Top of DATA FOR PROCESSING
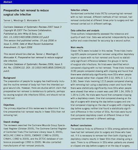 <li>Tanner J, Woodings D, Moncaster K. Preoperative hair removal to reduce surgical site infection. The Cochrane Database of Systematic Reviews 2006, issue 2. Art. No.: CD004122.pub2. DOI: 10.1002/14651858.CD004122.pub2.</li>
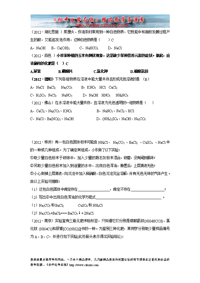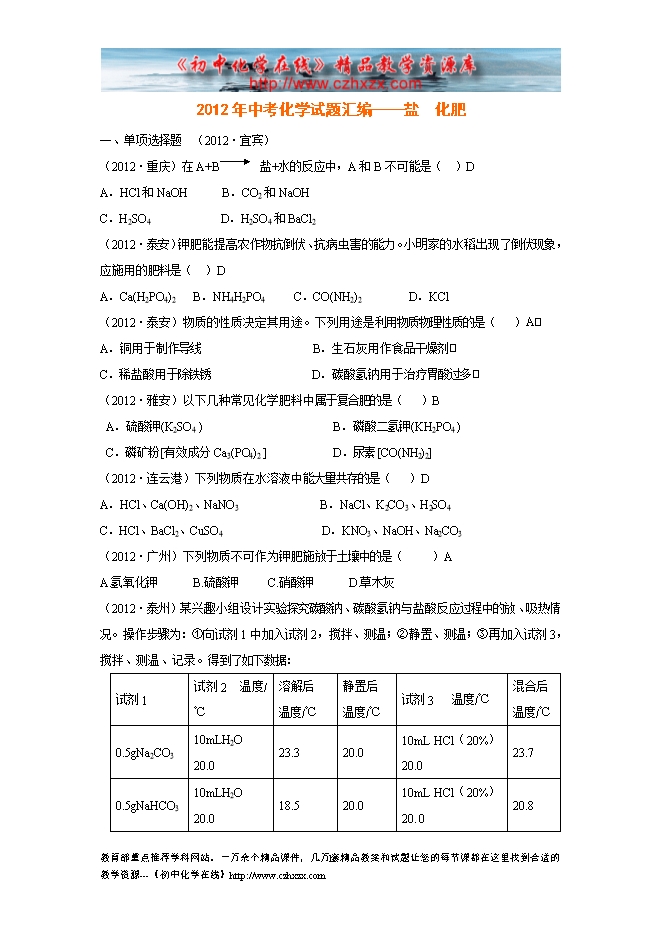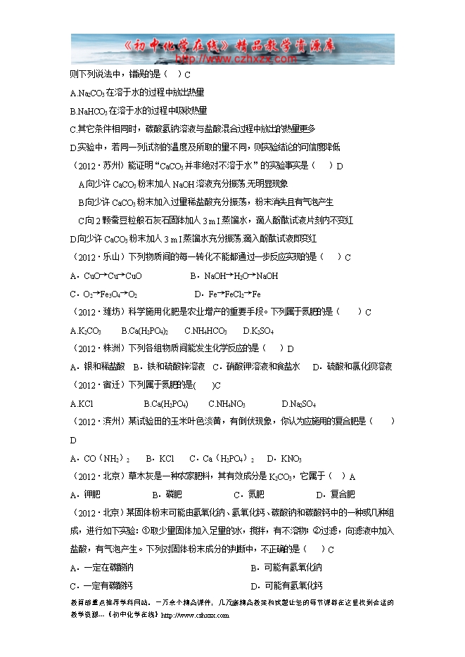 - 下一份试卷:2012年中考化学试题汇编——化学计算题
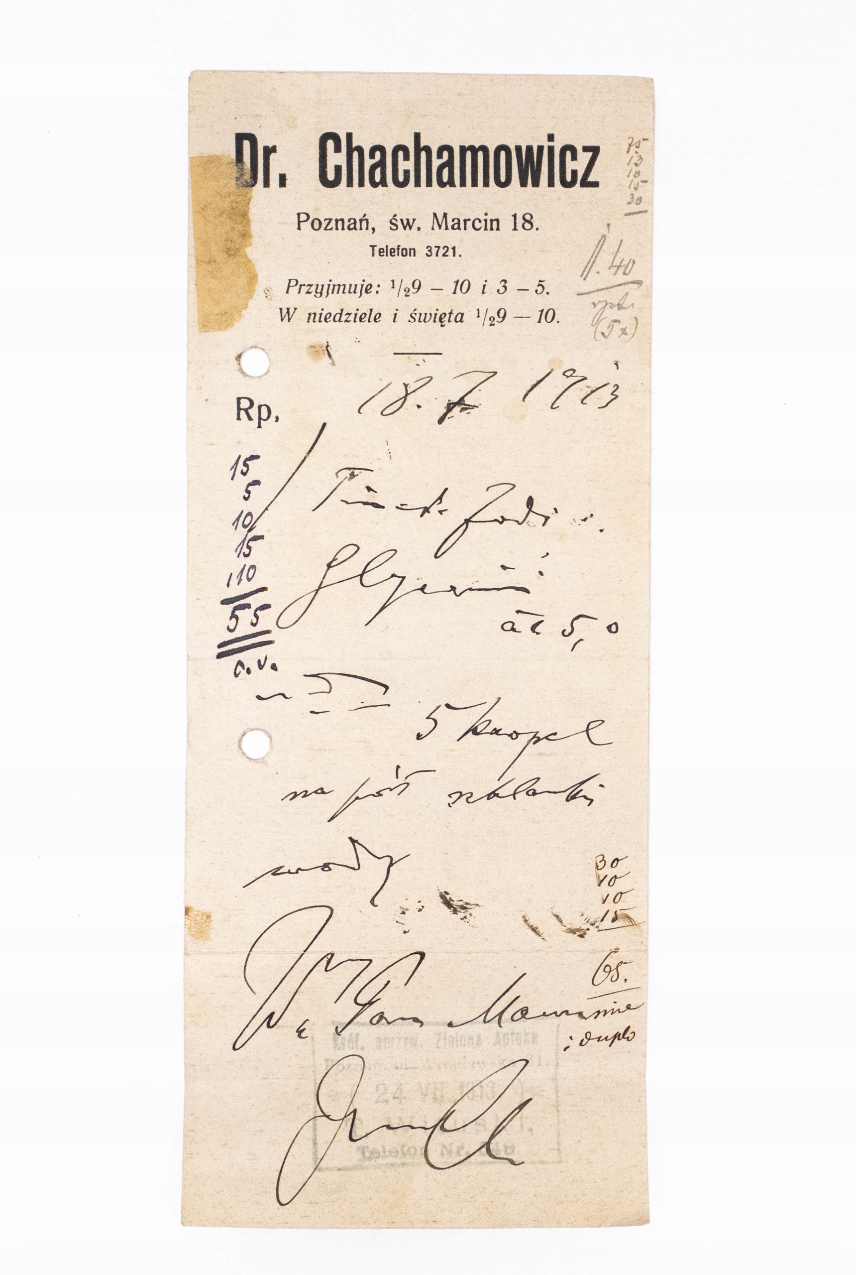 Старий рецепт, д -р. Chachamowicz, Green Pharmacy T. Witulski, Poznań 1913
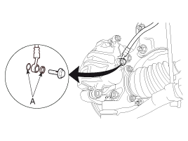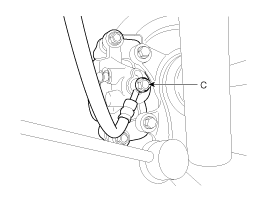 Отсоедините тормозной шланг от тормозного суппорта, ослабив болт (С).
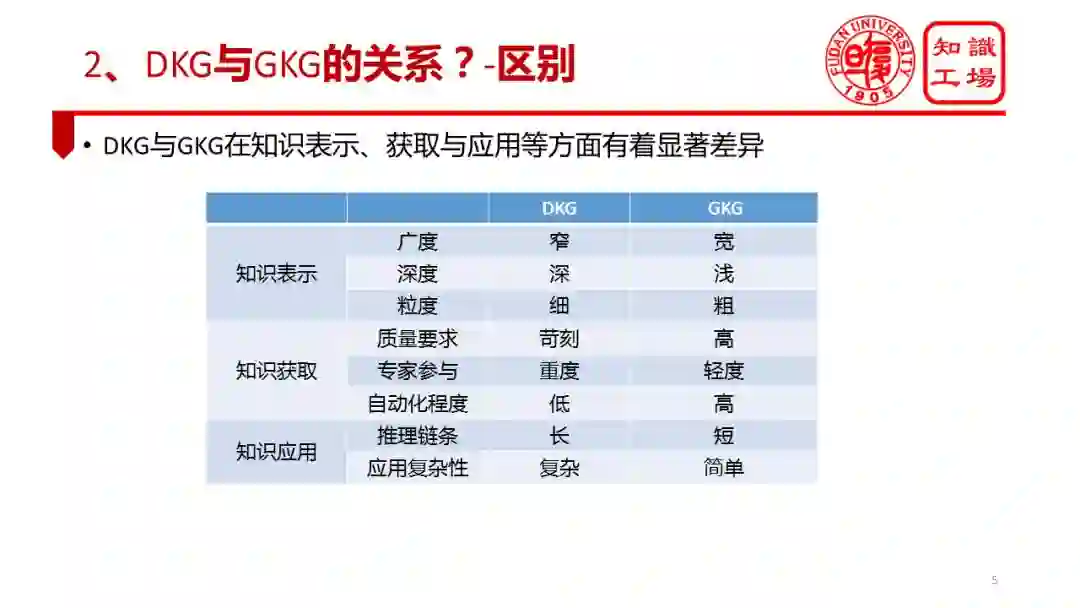 现在回答第二个问题,DKG(领域知识图谱)和GKG(通用知识图谱)的关系和区别。首先来看GKG和DKG的区别。两者之间的区别是明显的,体现在知识表示、知识获取和知识应用三个层面。在知识表示层面的差别可以从广度、深度和粒度这三个维度加以考察。从广度来看,GKG涵盖的范围明显大于DKG。
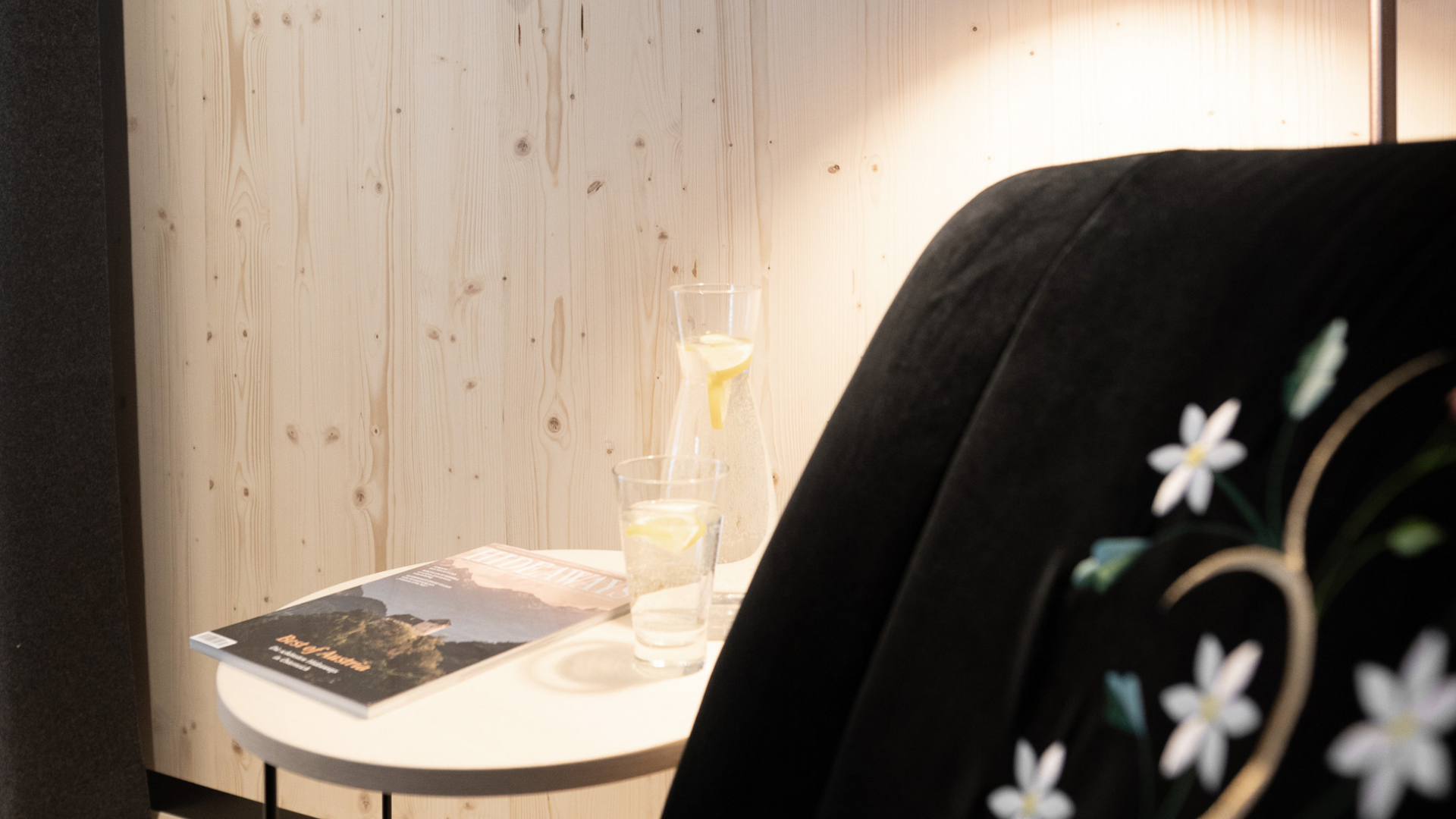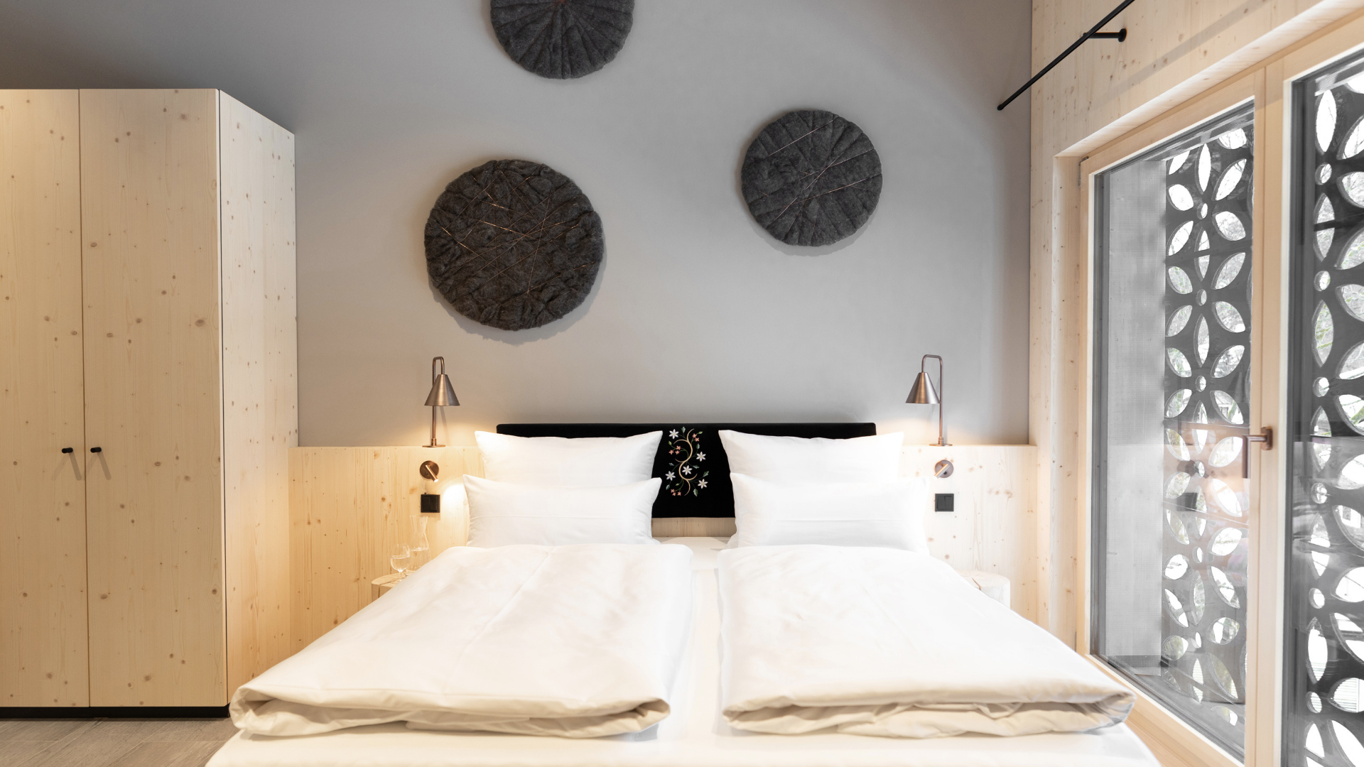 Ob Du’s glaubst oder nicht, bei AMRAI gibt es ein Schafgemach, das nennt sie das Schwarze Schaf. Warum? Weil jede Herde ein schwarzes Schaf hat und das AMRAIsche eben genau in diesem Zimmer abhängt. Das Schwarze Schaf liebt es naturgemäß etwas dunkler, daher ist dieses Schafgemach nicht ganz so sonnendurchflutet wie die anderen Schafgemache. Wenn du es minimalistisch magst, dann vermisst du weder Balkon, Minibar oder Schreibtisch, noch brauchst du eine Kaffeemaschine oder einen Wasserkocher. Das Doppelbett ist flauschig, von ihm aus blickst du auf die Bergkulisse. Dieses Zimmer ist wie geschaffen für eine erholsame Spritztour in die Berge. Wenn du abends müde in die Kissen sinkst, zwinkert dir von Zeit zu Zeit AMRAIs schwarzes Schaf aus der Wand freundlich zu.
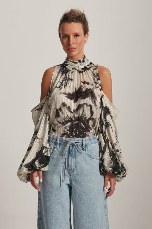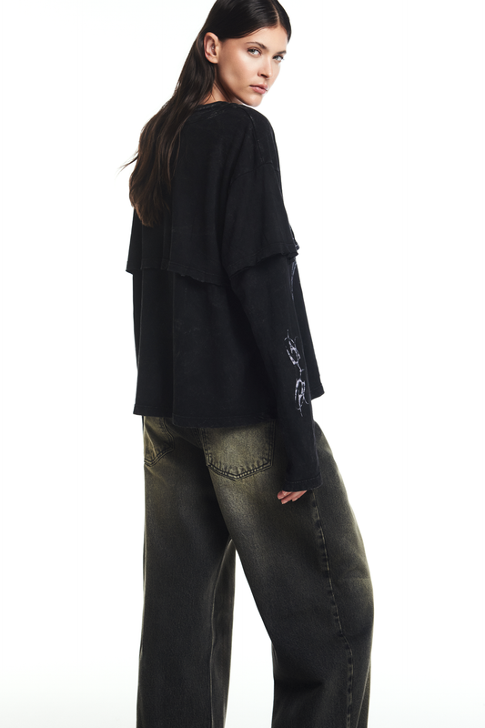 CALÇA JEANS BALLOON MANCHADA COM RASGOS
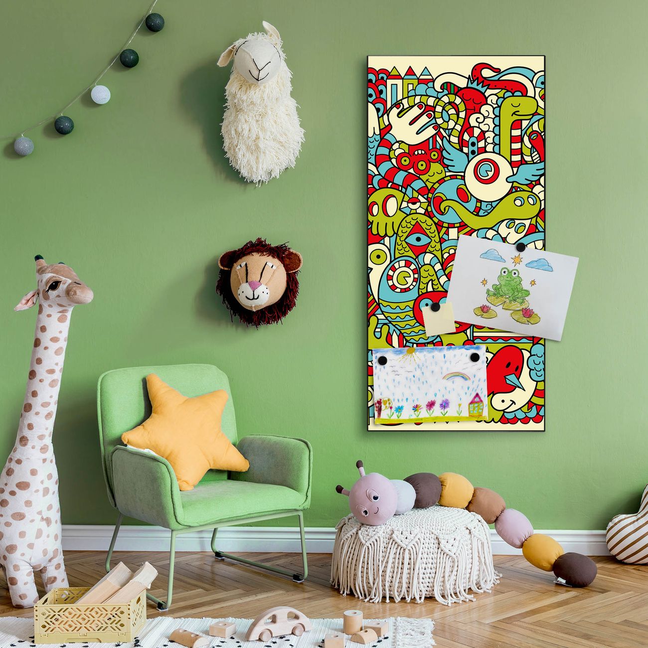 FUNKTION:  Die banjado Magnettafel mit Motiv Birds Worms Freaks Motiv bringt Ordnung in Ihr Zettelchaos. Fotos, Termine, Notizen oder Rezepte lassen Sich hier stilvoll mit Magneten ordnen, Sie behalten alles im Blick. An der Design Magnettafel halten alle handesüblichen Magnete. DESIGN:  Die magnetische Pinnwand mit dem Motiv Motiv Birds Worms Freaks ist ein eleganter Begleiter im Alltag. Mit dieser Memotafel aus Metall haben Sie auch ohne Notizen und Magnete ein schönes Dekoelement. Das Format bietet Ihnen ausreichend Platz um alle wichtigen Informationen im Blick zu behalten. DETAILS:  Die Magnettafel besteht aus silber-grau, weiß oder schwarzlackiertem Stahl. Sie hat eine Größe von 37 x 78 x 2cm. Es befinden sich auf der Rückseite vorgefertigte Aufhängungen die eine schnelle und unkomplizierte Anbringung ermöglichen. Das Motiv ist mit einem seidenmatten Laminat versehen und schützt so zusätzlich vor Kratzern. NUTZEN:  Sie können dieses Memoboard groß als Wandbild nutzen, es halten alle handelsüblichen Magneten daran. Die Pinnwand ist mit einem feuchten Lappen oder Schwamm abwischbar. Sie finden bei uns eine große Auswahl an passenden Magneten. BANJADO:  Wir sind ein kleines Team aus dem Herzen von Sachsen. Wir fertigen alle Artikel von Hand für Sie an, Sie erhalten keine preiswerte Importware. Auf Wunsch können Sie auch Ihr eigenes Foto auf die Magnettafel aufbringen, schreiben Sie uns an. Herzlichst, Ihr banjado-Team
Bottom of DATA FOR PROCESSING
> AIM OF THE TASK:
Set down word for word the lines above from the one with "- 下一份试卷:2012年中考化学试题汇编——化学计算题" up to and including the one with "CALÇA JEANS BALLOON MANCHADA COM RASGOS". Omit every picture.

> ANSWER SECTION:
 - 下一份试卷:2012年中考化学试题汇编——化学计算题
 Старий рецепт, д -р. Chachamowicz, Green Pharmacy T. Witulski, Poznań 1913
 Отсоедините тормозной шланг от тормозного суппорта, ослабив болт (С).
 现在回答第二个问题,DKG(领域知识图谱)和GKG(通用知识图谱)的关系和区别。首先来看GKG和DKG的区别。两者之间的区别是明显的,体现在知识表示、知识获取和知识应用三个层面。在知识表示层面的差别可以从广度、深度和粒度这三个维度加以考察。从广度来看,GKG涵盖的范围明显大于DKG。
 Ob Du’s glaubst oder nicht, bei AMRAI gibt es ein Schafgemach, das nennt sie das Schwarze Schaf. Warum? Weil jede Herde ein schwarzes Schaf hat und das AMRAIsche eben genau in diesem Zimmer abhängt. Das Schwarze Schaf liebt es naturgemäß etwas dunkler, daher ist dieses Schafgemach nicht ganz so sonnendurchflutet wie die anderen Schafgemache. Wenn du es minimalistisch magst, dann vermisst du weder Balkon, Minibar oder Schreibtisch, noch brauchst du eine Kaffeemaschine oder einen Wasserkocher. Das Doppelbett ist flauschig, von ihm aus blickst du auf die Bergkulisse. Dieses Zimmer ist wie geschaffen für eine erholsame Spritztour in die Berge. Wenn du abends müde in die Kissen sinkst, zwinkert dir von Zeit zu Zeit AMRAIs schwarzes Schaf aus der Wand freundlich zu.
 CALÇA JEANS BALLOON MANCHADA COM RASGOS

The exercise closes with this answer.